For your information, attached to this post is the current change control process so that you can see the kind of rules that we are all meant to work to, to prevent this kind of issue occurring.

Added to this, a full investigation is being conducted by a non-network services manager and HR into the causes of Sunday’s failure, with the remit of discovering exactly what happened, any processes that failed, and whether any disciplinary action is required.

**BigBry** · 05-08-2006, 07:34 AM

The follow up response admitting it wasn't going to work was posted on August 3rd (with a separate email that made it clear that was the end of their recovery attempts;

Firstly you need to understand that in an attempt to recover the data swiftly, the engineer who deleted the 3 volumes in the first place swiftly followed up his error by immediately trying to create a volume of the same size as the 1st of the volumes in the same place. This is an old sysadm "trick" that on some file systems could have revealed the lost data, however in this case, it did not work, and in fact caused us more problems, as you will see later on in this account.

Within 2 hours of the data being deleted, a data recovery company had been contacted and within 3 hours the NAS was in transit to them. By 14:00 on that day the specialists were racking the NAS and began the process of copying all the 1's and 0's from our equipment to their own. This is standard operating procedure for anyone working in the field of data recovery, and is simply about ensuring that there is always an untouched copy of the information in case something further goes wrong while working on the recovery. Due to the volume of data that was being dealt with, the copy took until the early hours of the following morning.

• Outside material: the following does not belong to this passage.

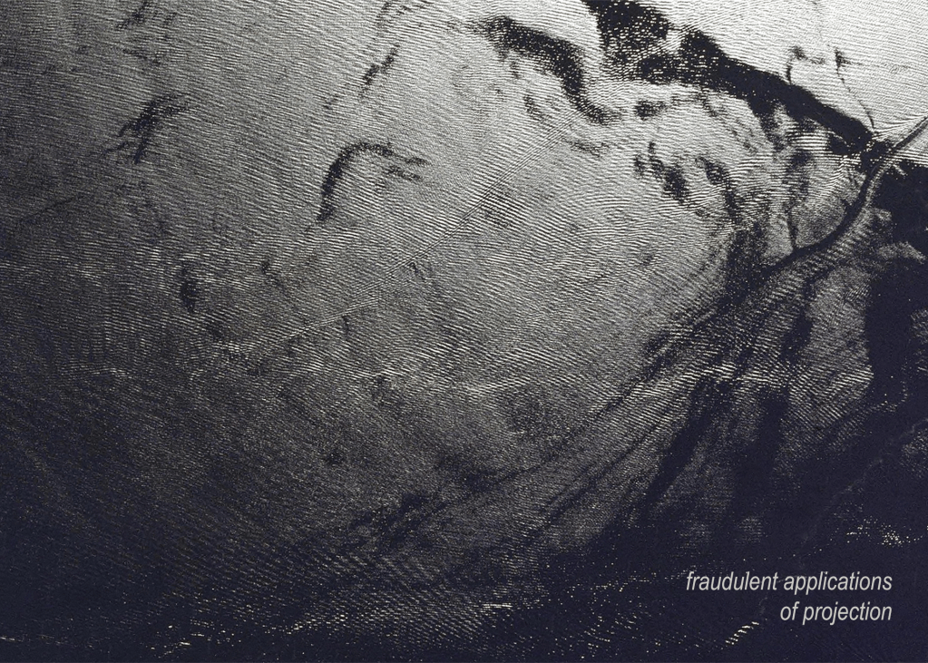 In mapping, projection refers to a broad set of transformations by which the curved surface of the Earth is represented in two-dimensional space. In alchemy, the same term denotes both the process and the physical reagent by which lesser metals could be transmuted into higher forms. Both usages derive from a spatial evocation: the act of projecting, of throwing forward; a dynamic action crossing between parallel but intersecting spaces. Mapping projection, however, invokes a rigid geometric framework (sometimes figurative, sometimes literal) that restrains the dynamic character of the object it represents. These practices order space, establishing mathematical principles and social procedures by which our protean world can be made static and fungible, in the process excising the errant, uncertain, and unknown. But, despite these efforts, everyday life is still unpredictable; meaning remains fugitive, and the substance of our world continues in its endless process of transformation, throwing us continually forward into the new. Fraudulent Applications of Projection features works that interrogate the range of visual tools and material practices that situate an individual in space, anchor them to a landscape, and orient them within the material world. The exhibition explores the tension between static, rectilinear representations of space (maps, photographs, satellite images) and the messier, disordered continuum of experience that characterizes daily life (fragments, impressions, material traces). Spanning disparate scales and incorporating multiple media—part panorama, part kaleidoscope—Fraudulent Applications of Projection invites viewers into a playground of cartographic abstractions, through which a vibrant, if sometimes fractious and fictitious, world can be glimpsed.

At that point, based on their initial investigations, the data recovery specialists set the expectation with us, that we would recover some of the data, possibly not all of it though, and that it could take 4-5 days. From that point forward we have a tale of increasing woe as each new deadline set by the data recovery people was broken as they discovered more and more problems. In the following paragraphs I will briefly cover off the main problems that have been encountered.

The Sun NAS that we had selected for the mail storage platform is the first series of products to emerge from Sun since their purchase of StorageTek, and as such does not run the usual Sun OS of Solaris. It uses StorageTek's own proprietary OS which is a heavily modified FFS2 (Fast File System 2). The modifications are all about increasing the performance of the system to ensure enterprise level performance.

As the kit is fairly new to market, the data recovery specialists had not worked on this specific OS before, though they do have a lot of experience with NAS's in general, Therefore they had to significantly rewrite the tools that they use for analysing and recovering data. They utilised their engineering departments in both the UK and the US to work around the clock to achieve a re-worked set of tools.

Apart from the tools issue, the proprietary OS, uses the 1st volume it has access to, to store the master inode table. For more information about inodes, take a look at the Wikipedia article http://en.wikipedia.org/wiki/Inode. Essentially this is the table that tells the system where all the other files on the system are. As I mentioned earlier, the PlusNet engineer involved, had attempted to recover the data by creating a volume of the same size in the same place as the 1st volume. That action more than any other has caused us the most issues. By creating a new volume, the existing inodes were wiped and all data that was on that volume was essentially gone. Without that master inode table and with no knowledge of where the system stored it's back-up copy of this table, it has proved very difficult to work out what the data on the relatively undamaged 2nd and 3rd volumes actually is.

We have received a partial file list from the 2nd and 3rd volumes. This list amounts to a list of inodes and the data in them, not the list of complete files. Without even a partial directory structure it becomes vastly more complex to work out which inodes are associated with which other inodes and therefore piece together the complete files. Without the data on the 1st volume we do not believe we are ever going to get the directory structure. Without the directory structure it becomes vastly more complex trying to work out which file from the partial list belongs to which user.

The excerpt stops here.